Collected data entries:
◆ ◆ ◆ ◆
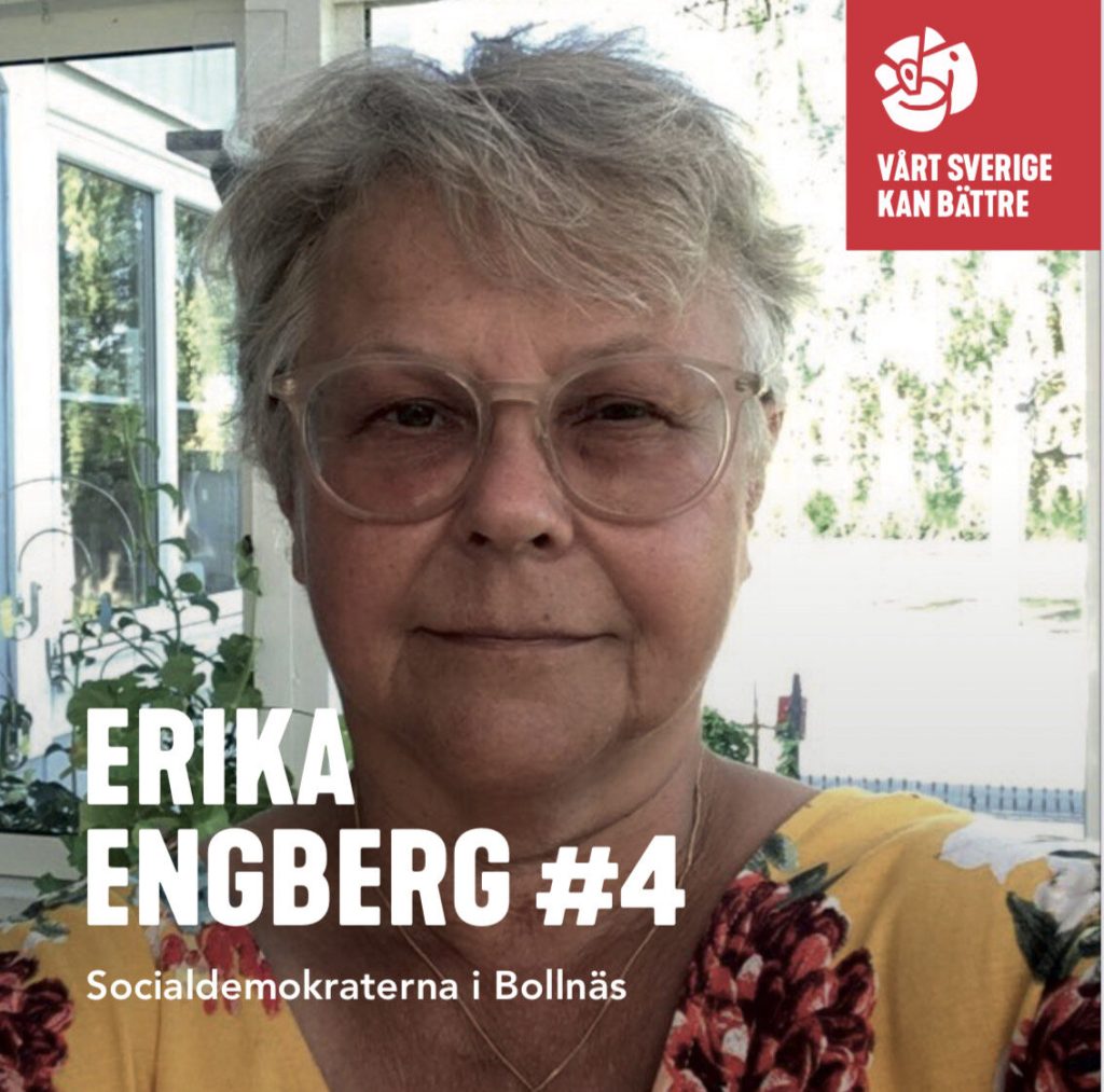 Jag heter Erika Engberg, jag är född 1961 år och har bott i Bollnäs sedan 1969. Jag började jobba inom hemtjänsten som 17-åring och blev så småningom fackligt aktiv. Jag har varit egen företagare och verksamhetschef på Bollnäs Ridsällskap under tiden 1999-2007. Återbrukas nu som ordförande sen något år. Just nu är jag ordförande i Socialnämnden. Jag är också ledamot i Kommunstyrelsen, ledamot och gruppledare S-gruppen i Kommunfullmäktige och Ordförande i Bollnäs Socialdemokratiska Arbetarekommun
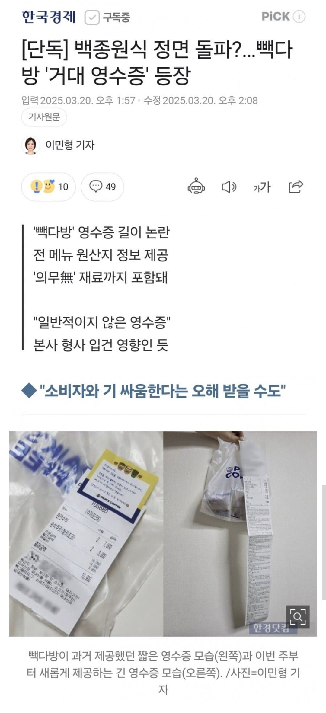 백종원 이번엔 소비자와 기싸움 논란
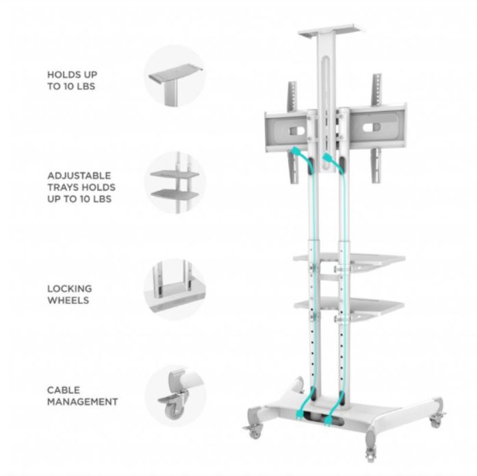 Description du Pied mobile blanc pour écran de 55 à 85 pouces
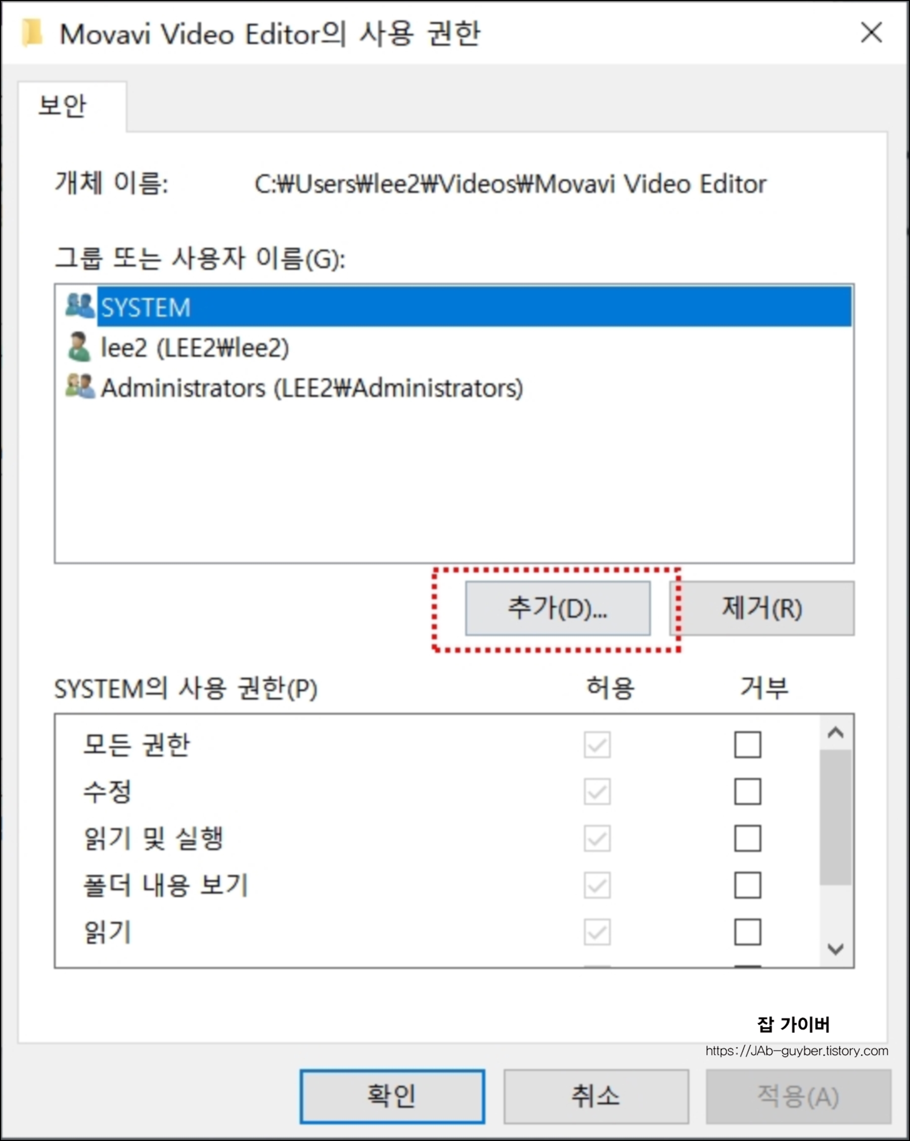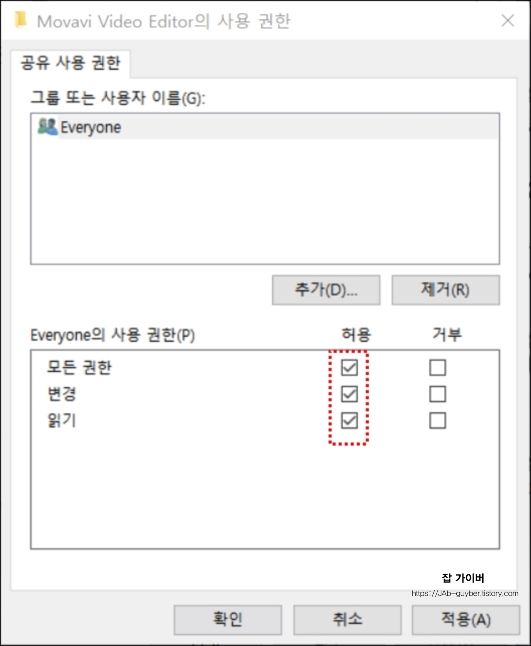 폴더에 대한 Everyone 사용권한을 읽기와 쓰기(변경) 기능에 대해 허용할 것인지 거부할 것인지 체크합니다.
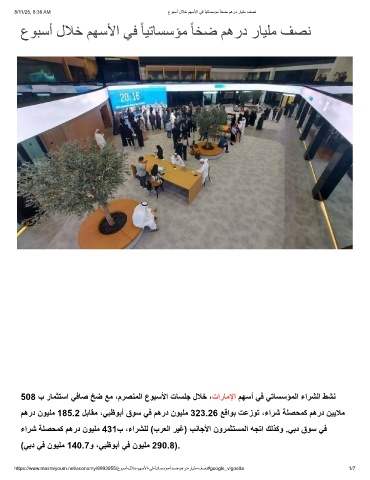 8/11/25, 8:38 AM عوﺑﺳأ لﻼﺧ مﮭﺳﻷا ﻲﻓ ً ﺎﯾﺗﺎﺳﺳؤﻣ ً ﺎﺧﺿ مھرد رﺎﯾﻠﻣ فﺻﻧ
◆ ◆ ◆ ◆
## Work required
Could you restate the entries word for word, skipping any pictures?

## Answer below
 Jag heter Erika Engberg, jag är född 1961 år och har bott i Bollnäs sedan 1969. Jag började jobba inom hemtjänsten som 17-åring och blev så småningom fackligt aktiv. Jag har varit egen företagare och verksamhetschef på Bollnäs Ridsällskap under tiden 1999-2007. Återbrukas nu som ordförande sen något år. Just nu är jag ordförande i Socialnämnden. Jag är också ledamot i Kommunstyrelsen, ledamot och gruppledare S-gruppen i Kommunfullmäktige och Ordförande i Bollnäs Socialdemokratiska Arbetarekommun
 백종원 이번엔 소비자와 기싸움 논란
 Description du Pied mobile blanc pour écran de 55 à 85 pouces
 폴더에 대한 Everyone 사용권한을 읽기와 쓰기(변경) 기능에 대해 허용할 것인지 거부할 것인지 체크합니다.
 8/11/25, 8:38 AM عوﺑﺳأ لﻼﺧ مﮭﺳﻷا ﻲﻓ ً ﺎﯾﺗﺎﺳﺳؤﻣ ً ﺎﺧﺿ مھرد رﺎﯾﻠﻣ فﺻﻧ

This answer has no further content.